WORK TO BE COMPLETED> Only the pictures are dropped. Restate each line below word for word.

GIVEN INFORMATION>
- - - -
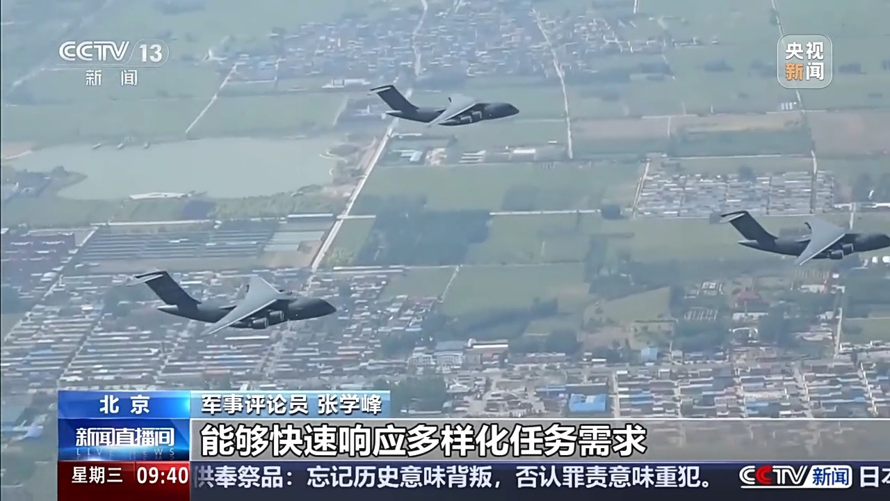 2025年9月3日,在纪念中国人民抗日战争暨世界反法西斯战争胜利80周年阅兵式上,3架运-20A、3架运-20B组成运输机梯队凌空亮相。这是装配国产发动机的运-20B首次公开受阅。飞行过程中,运-20B加速、并线平稳流畅,充分展现出优异的飞行性能。
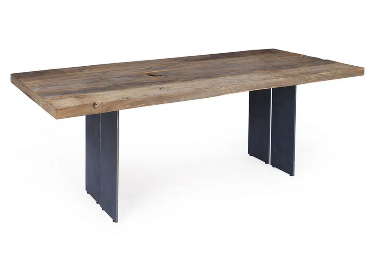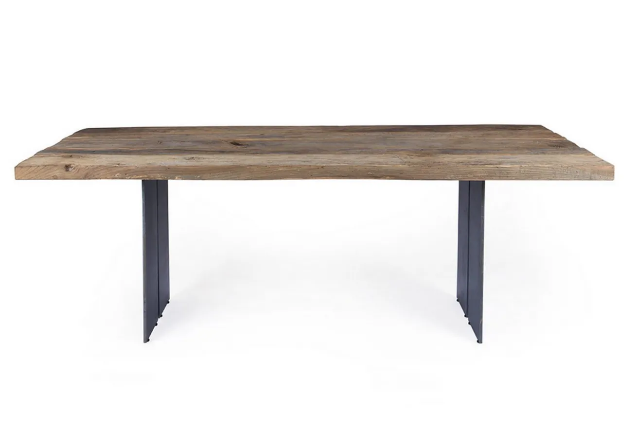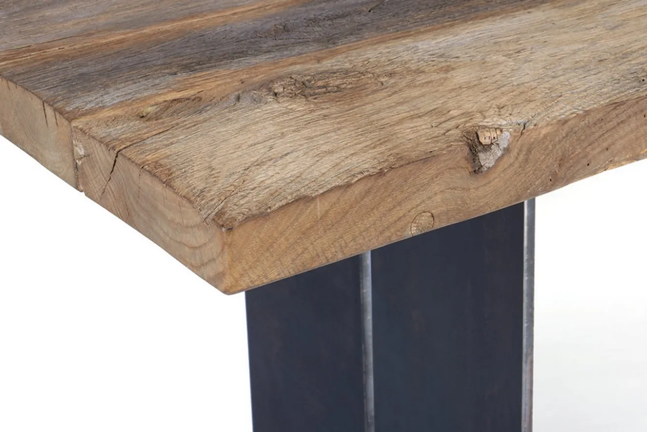 „Rico“ ist ein kleiner Aufreißer. Denn er ist nicht nur ein Tisch aus dem Massivholz Eiche, sondern gleich einer, der aus Alt-Eiche gefertigt wurde. Er hat die Maße Breite 220cm, Tiefe 100cm und Höhe 78cm. Diese 6cm starke massive Alt Eiche Tischplatte ist ein absolutes Unikat und weist ihren einmaligen unverwechselbaren Charakter auf. Dieser ist durch seine Naturfarbe entstanden, die würdevoll gegraut ist. Die Oberfläche wurde gebürstet, so dass der Alterungsprozess des im Hausbau sehr begherten Möbelholzes noch deutlicher zum Vorschein kommt. Zudem zeichnet sich die Platte durch eine gerade Kante aus. Diese Geradlinigkeit spiegelt sich in den Tischbeinen wieder. Denn sie wird von zwei stabilen Stahlwangen getragen. Die Farbe der Tischuntergestelle ist anthrazit. Somit entsteht ein unverwechslebarer Designcharakter im angesagten Industrie Look. Der dadurch modern wirkende Massivholztisch überzeugt somit in jedem designorientierten Esszimmer als absolutes Einzelstück.
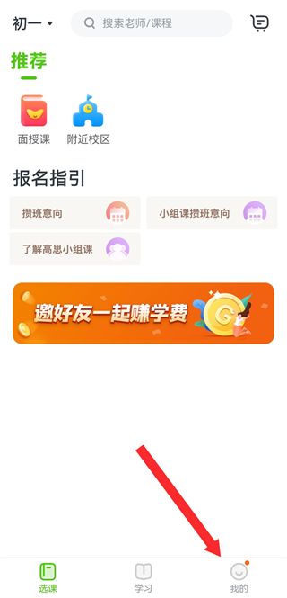 1、在高思教育的首页,需要点击底部我的,进入个人功能页面。
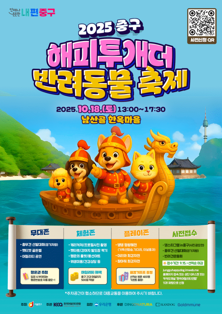 서울 중구 남산골 한옥마을에서 펼쳐지는 ‘2025 해피투개(dog)더’ 반려견 축제는 이번에 3회째를 맞이했다. 이번 축제는 ‘충무공 이순신 탄생지, 중구’의 의미를 더해 용맹과 지혜, 교감을 담은 다채로운 프로그램으로 꾸며진다.
- - - -
SOLVED EXERCISE>
 2025年9月3日,在纪念中国人民抗日战争暨世界反法西斯战争胜利80周年阅兵式上,3架运-20A、3架运-20B组成运输机梯队凌空亮相。这是装配国产发动机的运-20B首次公开受阅。飞行过程中,运-20B加速、并线平稳流畅,充分展现出优异的飞行性能。
 „Rico“ ist ein kleiner Aufreißer. Denn er ist nicht nur ein Tisch aus dem Massivholz Eiche, sondern gleich einer, der aus Alt-Eiche gefertigt wurde. Er hat die Maße Breite 220cm, Tiefe 100cm und Höhe 78cm. Diese 6cm starke massive Alt Eiche Tischplatte ist ein absolutes Unikat und weist ihren einmaligen unverwechselbaren Charakter auf. Dieser ist durch seine Naturfarbe entstanden, die würdevoll gegraut ist. Die Oberfläche wurde gebürstet, so dass der Alterungsprozess des im Hausbau sehr begherten Möbelholzes noch deutlicher zum Vorschein kommt. Zudem zeichnet sich die Platte durch eine gerade Kante aus. Diese Geradlinigkeit spiegelt sich in den Tischbeinen wieder. Denn sie wird von zwei stabilen Stahlwangen getragen. Die Farbe der Tischuntergestelle ist anthrazit. Somit entsteht ein unverwechslebarer Designcharakter im angesagten Industrie Look. Der dadurch modern wirkende Massivholztisch überzeugt somit in jedem designorientierten Esszimmer als absolutes Einzelstück.
 1、在高思教育的首页,需要点击底部我的,进入个人功能页面。
 서울 중구 남산골 한옥마을에서 펼쳐지는 ‘2025 해피투개(dog)더’ 반려견 축제는 이번에 3회째를 맞이했다. 이번 축제는 ‘충무공 이순신 탄생지, 중구’의 의미를 더해 용맹과 지혜, 교감을 담은 다채로운 프로그램으로 꾸며진다.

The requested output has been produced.